If their window of opportunity for finding and dealing with Ticktock had not been so small, if the ticking seconds had not been leading them inexorably closer to sudden death, the uproar in front of the restaurant might even have been funny. Hell, it was funny, but that didn’t mean she and Harry could take the time to laugh at it. Maybe later. If they lived.
“What is this, what happened here, what’s going on?” the host demanded. “I can’t make heads or tails out of what your raving lunatic over there is telling me.”
By “raving lunatic,” he meant Sammy.
“He’s not our raving lunatic,” Harry said.
“Yes he is,” Connie reminded Harry, “and you better go talk to him. I’ll handle this.”
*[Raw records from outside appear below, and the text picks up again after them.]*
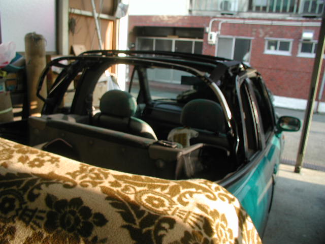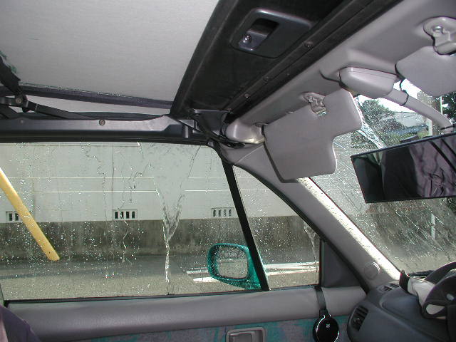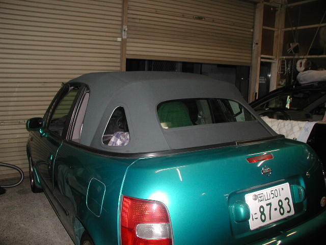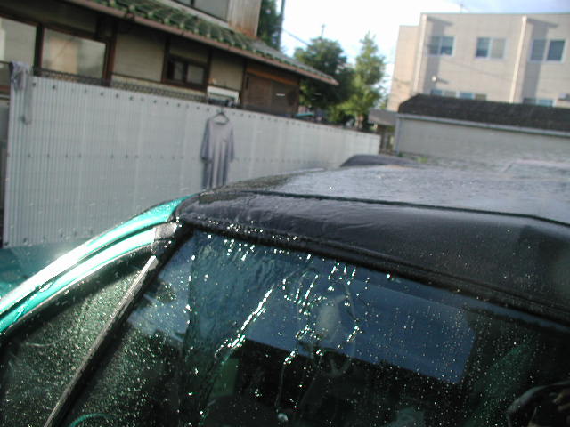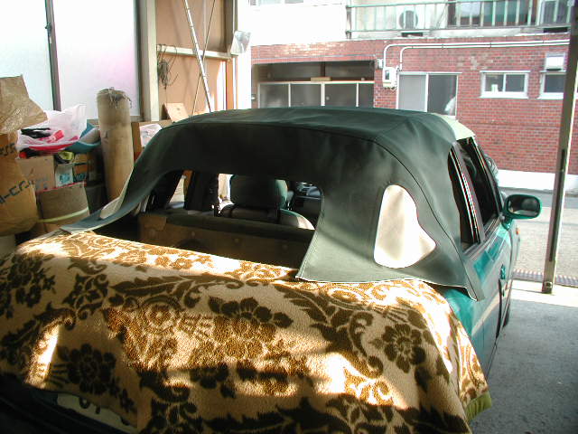 左側より30秒に1滴くらいの 割で雨漏り発生、幌からでは なくドアーの当りゴムから、修 理して直りましたが明日もう一 度検査してみます 検査の結果OKでした。 全て完成 |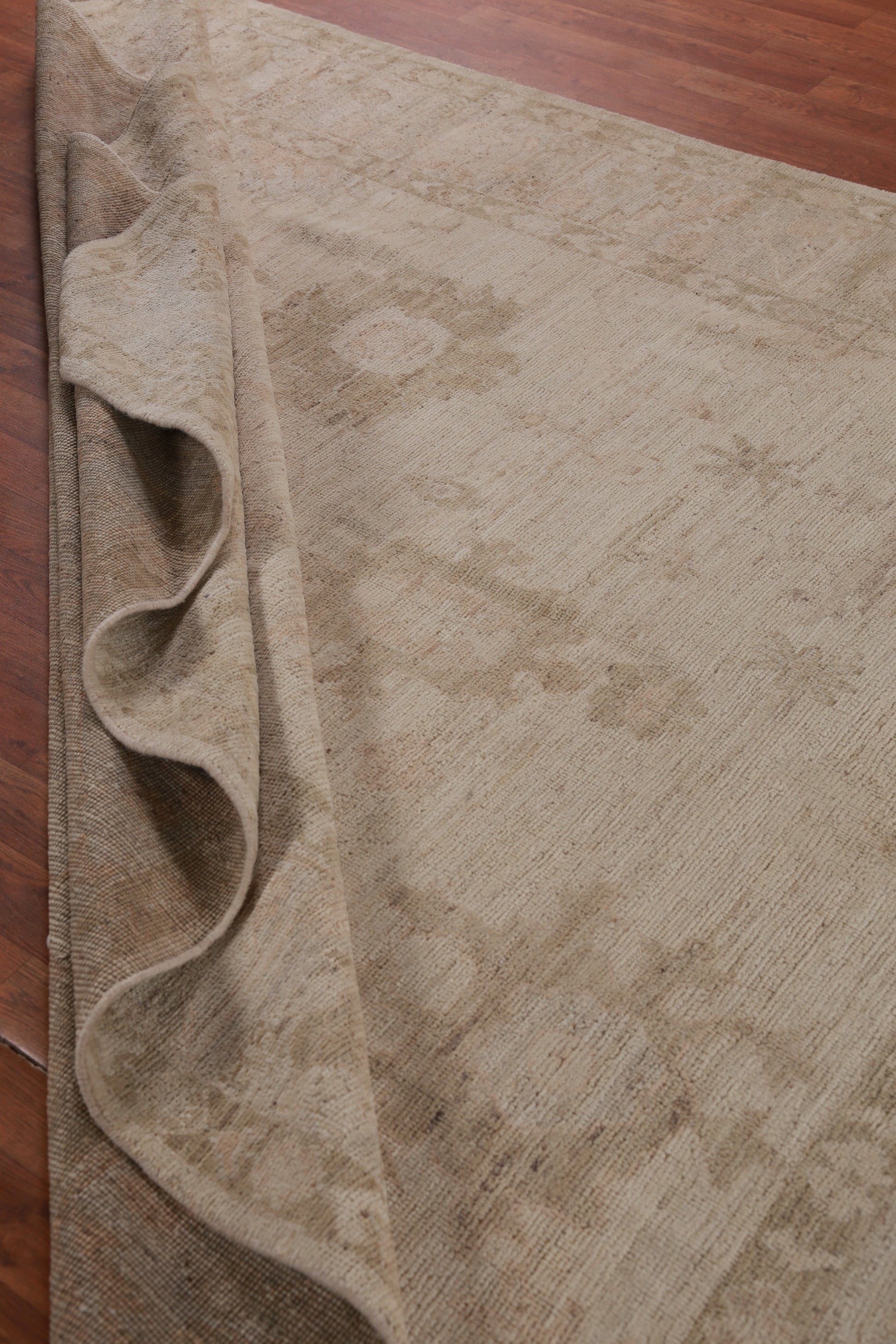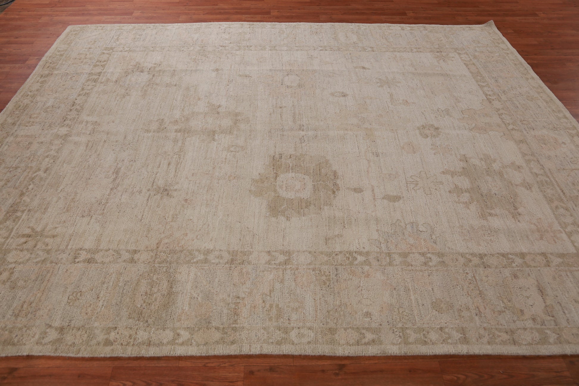 A Beautiful Genuine Turkey Oushak rug is Hand Knotted by skillful weavers in Turkey with 100% Wool Material. This rug is in New, First Quality condition. dimensions are 9' 10'' X 7' 8'' in foot and 300 X 234 in centimeter. the primary color is Beige & Ivories.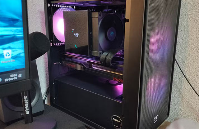 Không chỉ nhiều, các dây này còn cứng và được bọc chung, khiến việc gập và giấu chúng càng trở nên khó khăn. Sau khoảng 15 phút “vật lộn”, tôi nhét được phần lớn dây thừa vào các khay ổ trống trong case. Nhưng rắc rối chưa dừng lại ở đó: tấm hông vẫn không đóng lại được vì phần dây bị đội lên. Cuối cùng, tôi buộc phải nhồi mọi thứ chặt hơn nữa – dù bản năng mách bảo không nên – trước khi có thể đóng case và hoàn tất việc lắp ráp.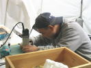 まずは、バナナの叩き売り。「タダ」とか「千円」と言ったらすぐに手を上げないと買えません。値段を聞いてから手をあげても間に合わないので、みんな何か言うと同時に手をあげます。運が悪いと、バナナを千円で買わないといけません。「バナナと九条ねぎと大根で300円」の声に、感心するぐらい大きな声でハイ!と手をあげて、ちゃっかり手に入れたぽんきち。学校でもこんないい返事すればいいのに・・・。手に入れた商品は「バナナUFO〜!」と投げて渡される。ぽんきちはバナナをキャッチできなかったので、私が呼ばれた。ネギや大根が空を飛び、迫ってくる。ボコっと音をたててどうにかキャッチ。恥ずかしかったけど、なかなか楽しかった♪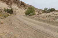 A gloomy day in the desert of San Rafael Swell, Utah. The red rock landscape is covered with a layer of dirt and sand, creating a brown, gloomy atmosphere. Off road tracks lead through canyonlands and mountain slopes.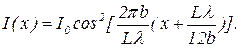 а) Полагая, что модули амплитуд вероятности электрону и из верхней и из нижней щелей попасть на экран в начало координат одинаковы и равны Y, определите частоту срабатывания детектора I, закрепленного на экране на расстоянии x от начала координат. Считайте, что частота срабатывания детектора, установленного в начале координат, равна I0. Полагайте также, что Y не зависит от x.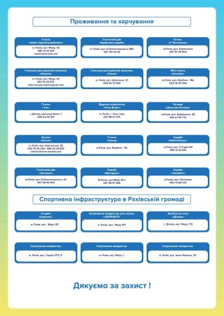 * Відпочинок та спорт: інформація про програми для психологічного відновлення та дозвілля.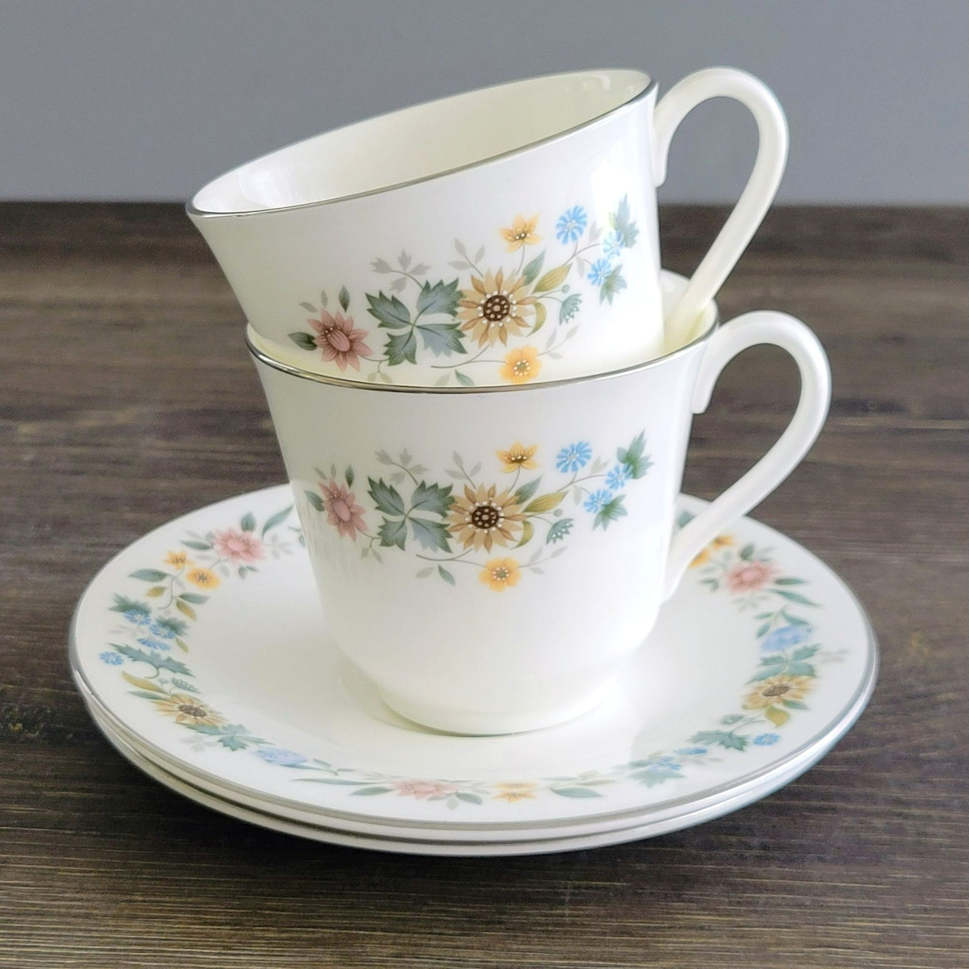 Vintage Royal Doulton Pastorale Teacup & Saucer, 2 Sets, c.1970-90s England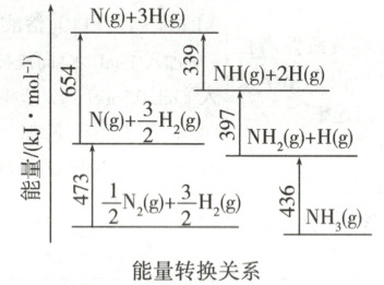 解析根据题图,知1/2molN₂(g)和3/2molH₂(g)断键吸收的能量为473kJ+654kJ=1127kJ,形成1molNH₃(g)放出的能量为339kJ+397kJ+436kJ=1172kJ,则ΔH=(1127−1172)kJ·mol⁻¹=−45kJ·mol⁻¹。

She was half afraid that Harry—as painfully aware of their time limit as she was—might pull his revolver on the host and threaten to blow his teeth out the back of his head if he didn’t shut up and get inside. As much as she approved of Harry taking a more aggressive approach to certain problems, there was a proper time and place for aggression, and this was not it.
Harry went off to talk with Sammy.
Connie put one arm around the host’s shoulders and escorted him up the walkway to the front door of his restaurant, speaking in a soft but authoritative voice, informing him that she and Detective Lyon were in the middle of important and urgent police business, and sincerely assuring him that she would return to explain everything, even what might seem to him inexplicable, “just as soon as the ongoing situation is resolved.”
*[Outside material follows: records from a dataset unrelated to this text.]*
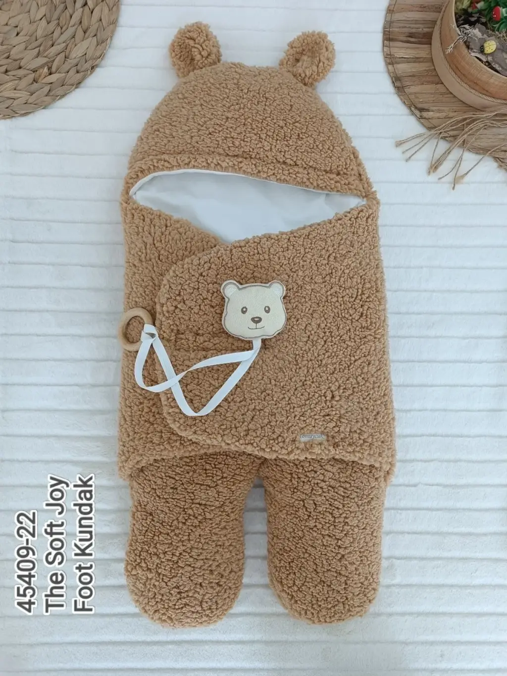 Yenidoğan Kulaklı Şapkalı Açılır Kucaklı Cırt Kapamalı Ayaklı Bebek Battaniyesi Kundak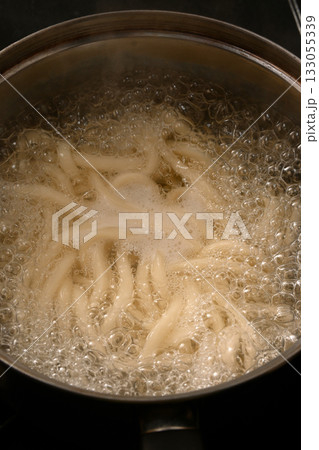生パスタ(フェットチーネ)をたっぷりの湯で茹でている1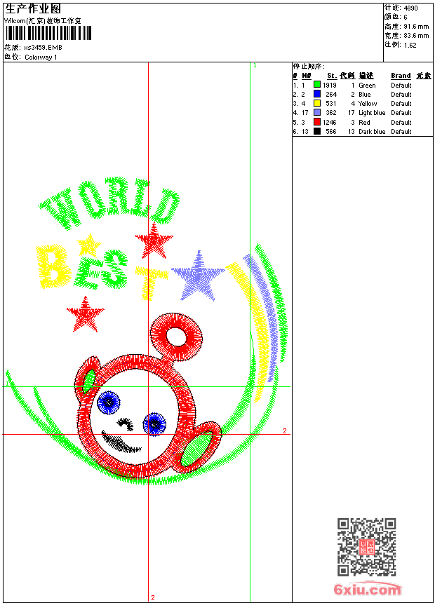- 版带文件需绣花软件方可打开,可配色打印导出各种格式或直接上机绣。如无绣花软件可下载1:1模拟效果图。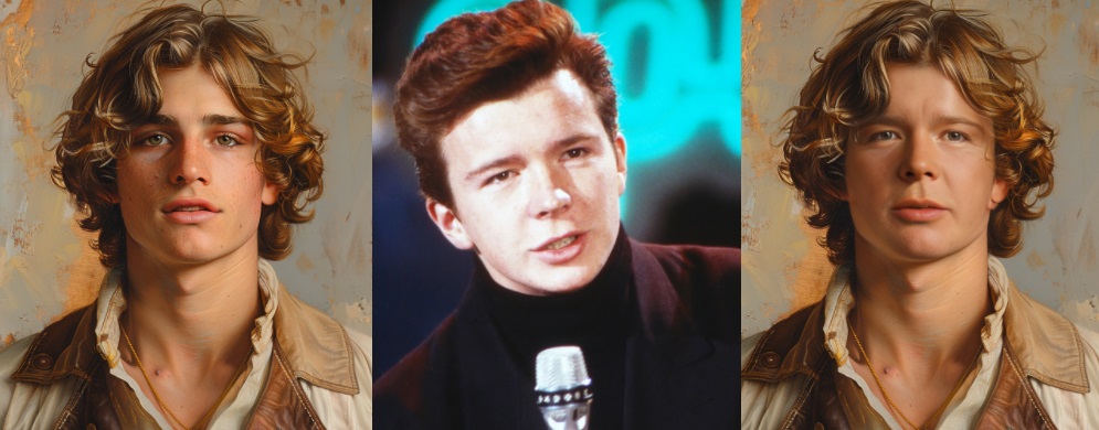 We used Rick Astley as a source image for face swapping, feel free to change it per your liking.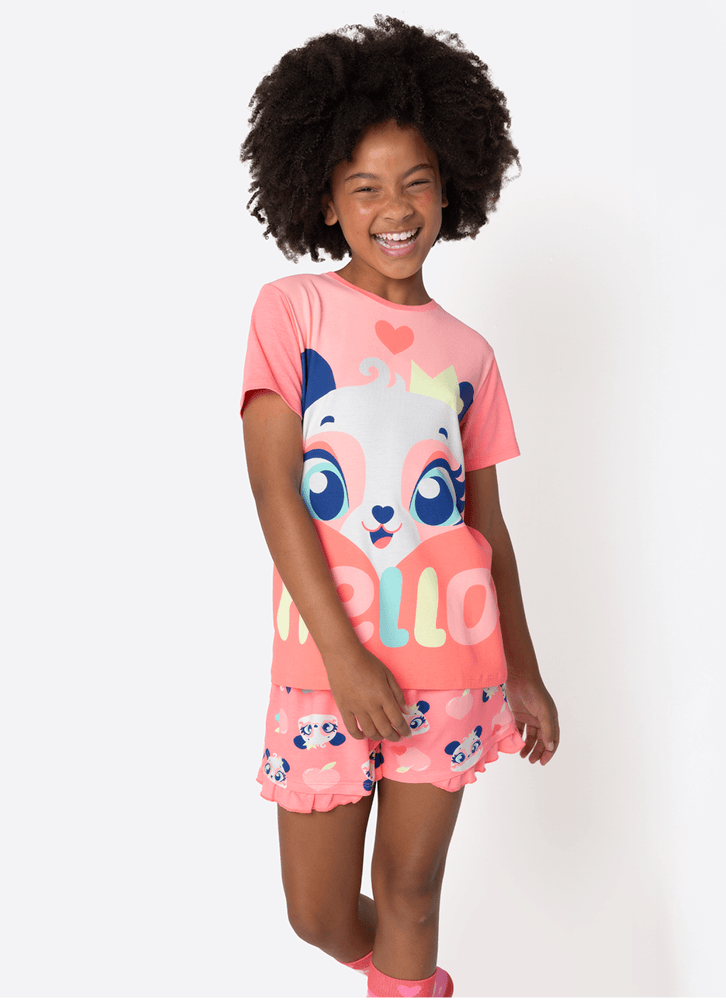Pijama Manga Curta Viscolycra Menina Teen Panda Romântico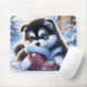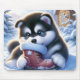Puppy Playing With a Snow-Covered Winter Boot Mouse Pad

Considering that it was traditionally Harry’s job to calm and placate people, her job to upset them, she had a lot of success with the restaurateur. She had no intention of ever returning to explain anything whatsoever to him, and she had no idea how he thought she could explain people vanishing into thin air. But he calmed down, and she persuaded him to go inside his restaurant with the bodyguard-waiter who was standing in the doorway.
She checked the shrubbery but confirmed what she already knew: the dog was not hiding there any more. He was gone.
She joined Harry and Sammy on the sidewalk in time to hear the hobo say, “How should I know where he lives? He’s an alien, he’s a long way from his planet, he must have a spaceship hidden around here somewhere.”
More patiently than Connie expected, Harry said, “Forget that stuff, he’s no alien. He—”
A dog barked, startling them.
Connie spun around and saw the flop-eared mutt. He was uphill, just turning the corner at the south end of the block. Following him were a woman and a boy of about five.
As soon as the dog saw that he had gotten their attention, he snatched hold of one cuff of the boy’s jeans, and with his teeth impatiently pulled him along. After a couple of steps he let go, ran toward Connie, stopped halfway between his people and hers, barked at her, barked at the woman and boy, barked at Connie again, then just sat there looking left and right and left again, as if to say, Well, haven’t I done enough?
The woman and the boy appeared to be curious but frightened. The mother was attractive in a way, and the child was cute, neatly and cleanly dressed, but they both had the wary and haunted look of people who knew the streets too well.
Connie approached them slowly, with a smile. When she passed the dog, he got off his butt and padded along at her side, panting and grinning.
There was a quality of mystery and awe about the moment, and Connie knew that whatever connection they were about to make was going to mean life or death to her and Harry, maybe to all of them.
She had no idea what she was going to say to them until she was close enough to speak: “Have you had… also had… a strange experience lately?”
The woman blinked at her in surprise. “Strange experience? Oh, yes. Oh my, yes.”